Global Water Distribution
The distribution of the world’s water resources is very uneven: nine countries - Brazil, Russia, China, Canada, Indonesia, the U.S., India, Colombia and the Democratic Republic of Congo - enjoy access to 60% of the global freshwater resources.Water is abundant in the far north and the far south, meaning North America, Northern Europe and Northern Asia, the south of South America as well as New Zealand. The tropics are also generally rich in water, for example the
Amazonian basin and parts of the Congo basin.
In contrast, many parts of Africa, the Middle East, Central Asia, the west of North America and Australia are very water scarce. Consequently, the calculated average amount of accessible renewable freshwater per person and year varies dramatically:
- each Canadian has access to an average of 87,000 m³,
- each Chinese to 2,100 m³ and
- each Jordanian to only 120 m³.
These amounts include water used for agricultural irrigation.
Similarly, water quality varies also greatly at a global scale. For instance, water borne diseases are rather widely spread in Africa, while tap water in Central and Western Europe is of very high quality and suitable for drinking.
Does Water have a Footprint?
Worldwide water consumption has increased roughly sixfold between 1930 and 2000. The increase is due to the tripling of the world population and the doubling of the average per capita water consumption. Economic growth, urbanization and the massively rising number of people pursuing modern, resource-intensive lifestyles result in an additional increase of 64 billion m³ of freshwater each year.
Food production consumes by far the most water globally. The use of tap water accounts for only a small share of the water footprint, also in industrialized countries. The term “water footprint” was coined in 2002 by Arjen Hoekstra from the UNESCO Institute for Water Education. It takes into account the overall amount of water used in production processes – be it of food or of industrial products.
All these products contain so-called "virtual water" which describes the total volume of water used in the entire production chain, for example:
- 15,000 l for 1kg of beef,
- 1,300 l for 1kg of grain,
- 3,400 l for 1kg of rice and
- 6,000 l for a pair of jeans.
Taking into account “virtual water”, the average daily consumption per capita in Germany is 4,000 – 5,000 l. In comparison, the average use of a Chinese is around 2,000 l per day. The concept of virtual water is also applied in calculating import and export flows.
The concept of “virtual water” draws attention to the vast amounts of water we use for products in our daily life. However, 140 l of water to produce a cup of coffee – is this a lot or not? To guide our daily consumption choices, the concept is too complex and too limited at the same time. It is not sufficient to only consider the amount of water used for producing everyday products.
It makes quite a difference, for example, whether a pair of jeans and the cotton it is made from have been produced in a water scarce or water rich region. Or whether wetland area is being drained for the irrigation of orange tree plantations.
The social dimension should also be borne in mind.
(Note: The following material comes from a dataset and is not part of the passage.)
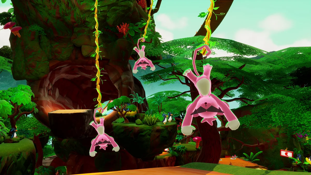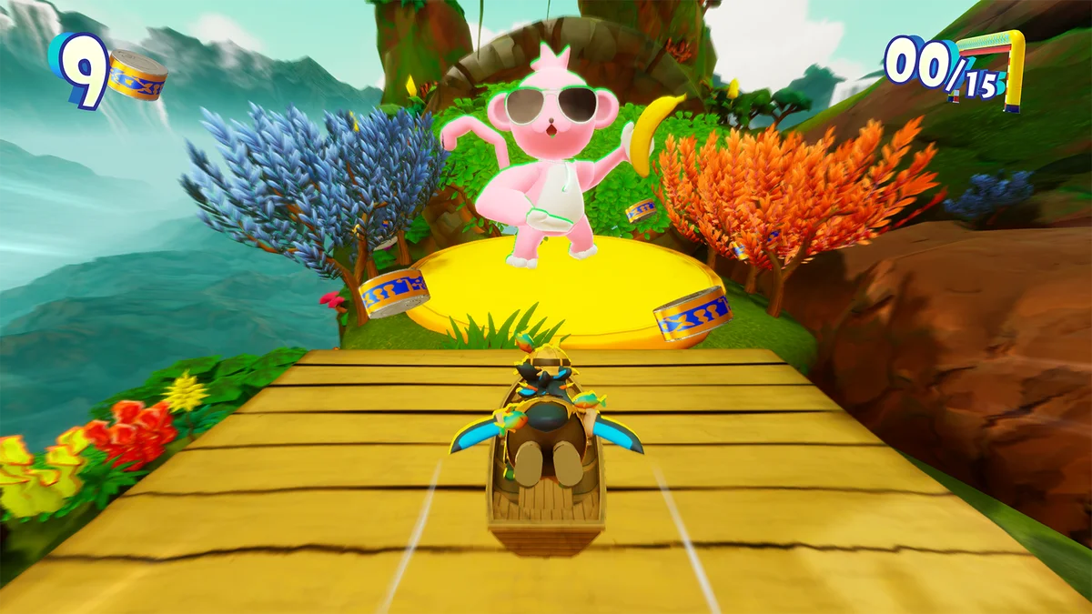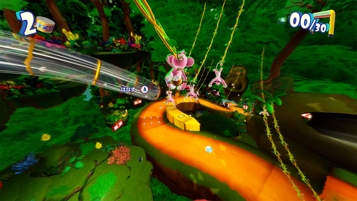 新しいギミックとして導入されるのが「モンキー」です。モンキーへアタックすることでモンキーがプレイヤーを運び、さらに運搬中にもう一度アタックボタンを押すと、狙ったタイミングで飛び出せる仕様となっています。

Many products that contain “virtual water” produce income and thereby economic prosperity and security for parts of the population in newly industrialized and developing countries. Finally, the ecologic impact of a product does not stop with the water used but also comprises issues such as CO2 emissions, energy use and the use of pesticides.
Buying water-friendly also means buying climate-friendly: seasonal and local food products where possible, moderate meat consumption, avoiding excessive packaging and throwing away less food, critically questioning the need to buy new clothes and household goods and opting for the most durable products.